Alimente-me ou te devoro

É bem essa mesmo a sensação. Como tudo aqui dentro é selvagem, dramático, impulsivo, arrebatador! Se o bom-senso vivesse em cativeiro, seria o meu fim. Meus monstros gritam comigo, falam sem pensar, são infantis e choram por qualquer motivo. Sempre esperam que alguém lhes diga o que fazer. Extremamente inseguros. Quando estão felizes, são felizes de vez. Esgotam a energia em brincadeiras sem fim e sorriem, muito. Quando tristes, são depressivos, engasgam a garganta, querem morrer. Ou me matar. Esses dias eu ouvi do orgulho: 'Alimente-me ou te devoro'. Minha resposta: 'Prefiro morrer a conviver com você'. E então ele se foi, ferido.

{Reflexões acerca do filme 'Onde vivem os Monstros'}

Saudade Doentia

Não consigo mais me adaptar. Convivi com esse sentimento por tanto tempo que hoje me dói só de lembrar. É de perder a respiração, descompassar o juízo, desordenar os pensamentos, esquecer da razão. Não existe mais a possibilidade de estar sozinha. Já não fica bem, não me faz bem. Falta, sempre falta. Vazio, espaço, buraco, escuridão. Dor, calafrio, cansaço, espera, não cicatrização. Desde que sou metade.

sábado, 8 de janeiro de 2011

Growing up

É difícil crescer.
Custa milhares de roupas novas e sapatos de tamanhos diferentes.
É difícil crescer.
Custa lágrimas e acertos. Arrependimentos e erros.
É difícil crescer.
Dói. Fere. Rasga. Abre caminho.
Morre-se. Nasce. Põe-se em prática. Vira obsoleto. Morre-se mais uma vez.
Nunca finda. Nunca dá trégua. Nunca se para de crescer.

quinta-feira, 16 de dezembro de 2010

Meu limite

Tenho andado bem perto dele ultimamente.

sábado, 30 de outubro de 2010

Chatear alguém sempre entala a garganta e deixa um gosto amargo na boca.

quinta-feira, 23 de setembro de 2010

Beleza é fundamental

Palavras nada agradáveis.
Más intenções. Motivação ruim.
Explicações cínicas. Falsa ingenuidade.
Engano cativo. Longa data.
Amor encoberto, intimidado. Suspiros de ódio e orgulho.
Mão retida, carinho não dado, olhares negados.
Partes de mim.

Beleza é fundamental, e eu descobri que nem sou tão bonita assim.

Digerindo-te

Nenhuma novidade.
As mesmas dores de antes.
Nenhuma novidade.
Ainda me sinto distante.

Gosto amargo na boca.
Lábios secos, voz trêmula, frases profundas.
Palavras presas no intestino. Má digestão.

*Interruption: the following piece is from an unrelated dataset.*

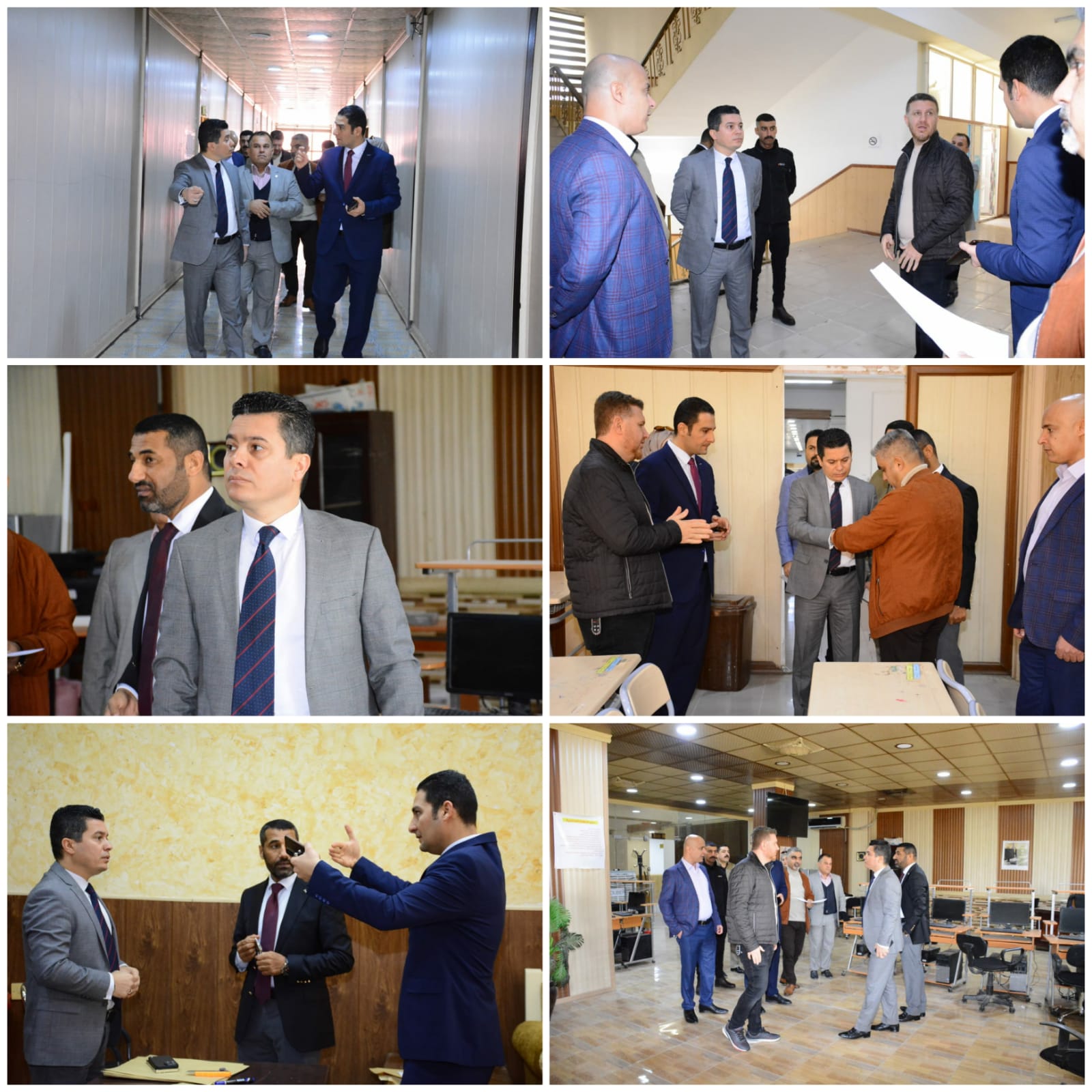 حيث تفقدت اللجنة القاعات الدراسية وبناية الكلية واللجنة الامتحانية لغرض الكشف عليها من أجل إكمال المستلزمات الفنية ومتطلبات اداء الامتحانات الخاصة بالقاعات الامتحانية ومدى توافر الشروط الامتحانية فيها حسب متطلبات وزارة التعليم العالي والبحث العلمي.

Desânimo. Oscilação. Vontade. Indisciplina. Preguiça. Enjôo.
Necessidade: mastigação.

Banho

Água correndo pelo corpo e a vontade é de deixar cada gota levar um pouco de mim. Até o meu hoje se esvair pelo ralo. Dor na alma, desgosto. A mente não cansa de repetir aquela velha frase. Incansavelmente. Não sei. Não sei. Não sei. Espasmos de vitória. 23 horas de derrota.  Sumir, desaparecer, fugir, parar, desistir, recuar, explodir. Vontades.

Mas, por alguma razão, minha carne não é açúcar.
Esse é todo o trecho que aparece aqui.